Thursday, October 13, 2011

Autumn Sun Catchers

{Apple Sun Catcher by Mia, Age 4}
 We started making sun catchers back in March and have continued through the summer and into the fall. I don't see why not. Sun catchers aren't just for spring and summer. Shapes we tried included an apple, a pumpkin, Indian corn, and an oak leaf. I like doing sun catchers because they are simple enough for toddlers to do provided that you have done some gotten your materials cut in advance.

{Leaf Sun Catcher by Mia, Age 4}
  • pencil 
  • clear tape
  • scissors
  • clear contact paper
  • construction paper
  • tissue paper 
  • paper trimmer (optional)
  • hole punch (optional)
  • yarn, string, ribbon, etc. for hanging (optional)
  1. If you are making a shape that is symmetrical, fold your paper in half like a hot dog before drawing and cutting out your shape. This makes it go a bit faster, and hopefully it creates less frustration, too. If you are making a shape that isn't symmetrical, simply draw (or trace) your shape and cut it out on two pieces of paper. Tip: If you are using two pieces of paper, you will need to make sure they stay together so that you get identical fall shapes.

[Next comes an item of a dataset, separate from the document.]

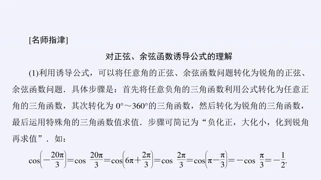 (1)利用诱导公式,可以将任意角的正弦、余弦函数问题转化为锐角的正弦、余弦函数问题.具体步骤是:首先将任意负角的三角函数利用公式转化为任意正角的三角函数,其次转化为0°~360°的三角函数,然后转化为锐角的三角函数,最后运用特殊角的三角函数值求值.步骤可简记为“负化正,大化小,化到锐角再求值”.如:
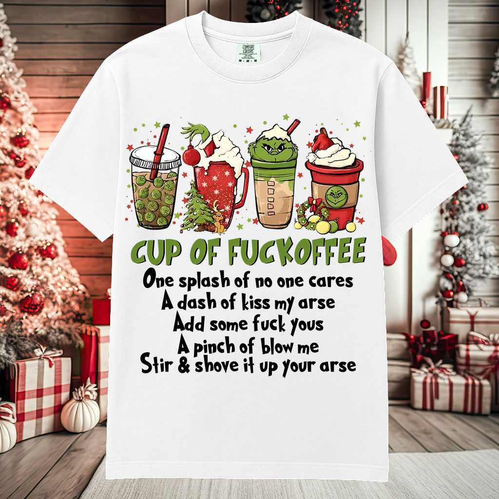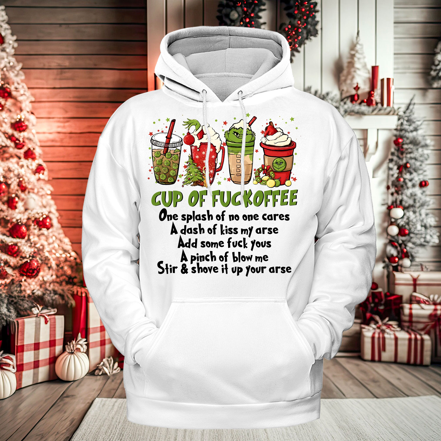 Add a splash of sarcasm to your holiday season with this hilarious “Cup of Fuckoffee” Grinch sweatshirt!

  2. Cut two pieces of clear contact paper (I used both a paper trimmer and scissors for this.) so that they are 1/4 inch larger than the construction paper all the way around. Tip: Do not remove backing from contact paper until you are ready to use it.
  3. Adhere one piece of paper to the clear contact paper so that there is a border of 1/4 inch all around the paper. Tip: Slowly peel the contact paper away from the backing as you smooth the construction paper down onto the contact paper. This way you don't end up with "bubbles."

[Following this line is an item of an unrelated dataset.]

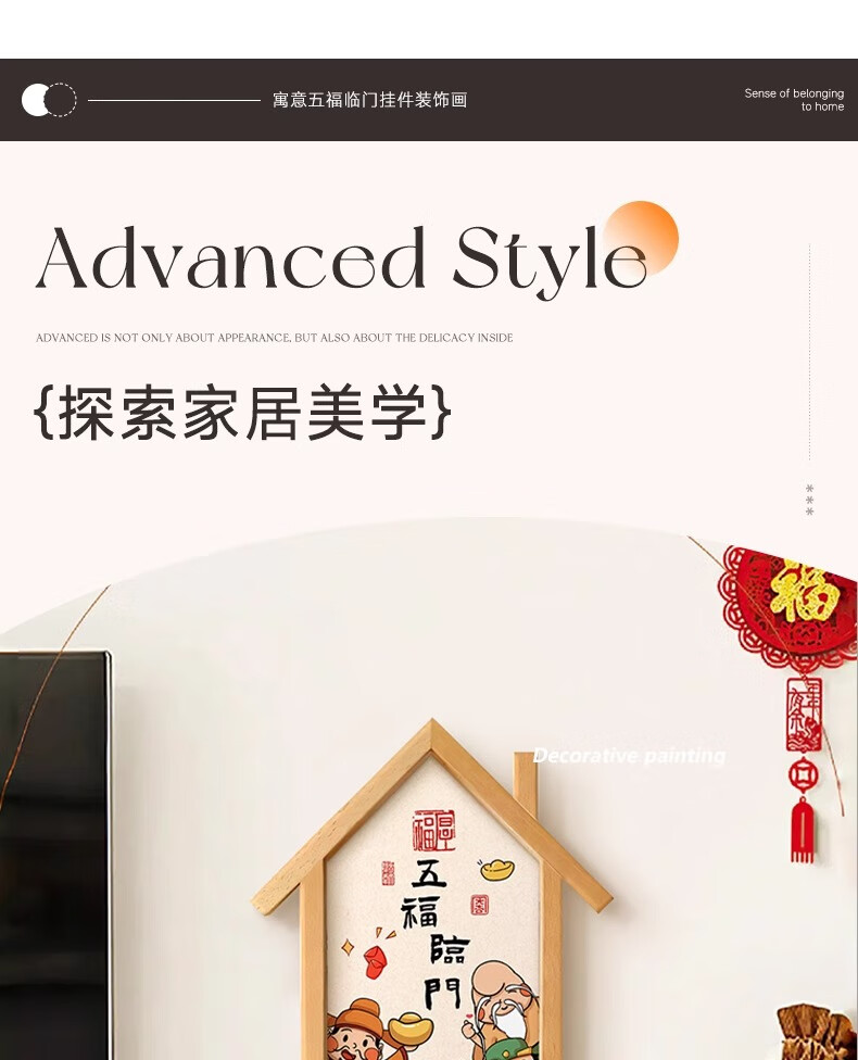 Zhang Xiaohua's shop Five Blessings Decorative Painting Living Room God of Wealth Pendant TV Wall Background Mural New Year's Festive Entrance Door Entrance Type A Bell Five Blessings 28*40cm PS Log Color Frame

  4. Have your child stick tissue paper squares onto the contact paper fall shape until it is filled. (Mia has created her own technique for filling in small spaces: crumpling up the tissue paper into balls. It makes the sun catcher a bit bulkier, but it does work, and I think it adds a bit of visual interest to the design.)
  5. Layer the second piece of construction paper on top of the first, making sure that the fall shapes line up.
  6. Add the second piece of contact paper over the top, smoothing it down as you go. Trim away excess if desired, but don't trim too much or the sun catcher will not stay together. 
  7. You can display your sun catcher in a window using clear tape. Another option is to use a hole punch to make two holes near the top, thread some ribbon or yarn through the holes, tie it off, and then hang your sun catcher.